- Directed by: Arthur Duarte
- Screenplay by: João Bastos; Félix Bermudes; Ernesto Rodrigues;
- Based on: O Leão da Estrela 1925 play by João Bastos Félix Bermudes Ernesto Rodrigues
- Produced by: Fernando Fragoso
- Starring: António Silva; Milú; Maria Eugénia; Laura Alves; Tony D'Algy; Fernando Curado Ribeiro; Arthur Agostinho; Maria Olguim; Cremilda de Oliveira; Óscar Acúrcio; Erico Braga;
- Cinematography: Aquilino Mendes
- Edited by: António Martins
- Music by: Jaime Mendes
- Production company: Tobis Portuguesa;
- Distributed by: Imperial Filmes; Lisboa Filme;
- Release dates: November 25, 1947 (Teatro São Luiz, Lisbon);
- Running time: 121 minutes
- Country: Portugal
- Language: Portuguese

= O Leão da Estrela =

1947 film by Arthur Duarte

O Leão da Estrela (Portuguese language for "The Lion from Estrela") is a Portuguese comedy film of 1947, starring António Silva, Milú, Maria Eugénia, Laura Alves, Tony D'Algy, Fernando Curado Ribeiro, Arthur Agostinho, Maria Olguim, Cremilda de Oliveira, Óscar Acúrcio, and Erico Braga, and directed by Arthur Duarte.

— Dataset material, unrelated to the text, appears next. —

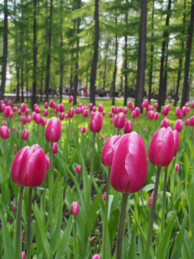 Парк засажен хвойными и лиственными деревьями. От хвои просто изумительный аромат. Мамочки с колясками и детками постарше останавливаются в хвойной посадке, чтобы насладится запахом.

It is a classic of the Portuguese cinema. In its remake of 2015, the main character is played by Miguel Guilherme.

== Plot ==
Anastácio's family, from Lisbon, had casually met on vacation the Barata family from Porto, in the spa town of Caldas da Rainha, and one of Anastácio's daughters, who had a crush upon the handsome son of Mr. Barata, lied about her family’s wealth prompting her vacationing family to stand with the lie. Later, a decisive Sporting Clube de Portugal's (the Lions or Leões in Portuguese because of the rampant lion in the sports club crest) away match with Futebol Clube do Porto is about to take place in the city of Porto. When he fails to get a train ticket to travel to Porto in an attempt to watch in loco the football game of his favourite football team from the sidelines, Anastácio, a supporter of Sporting Clube de Portugal employed in a Lisbon office, pretends to be a wealthy individual in order to be able to go to the city of Porto with his family, where they will be hosted by the Barata family for a stay in their house.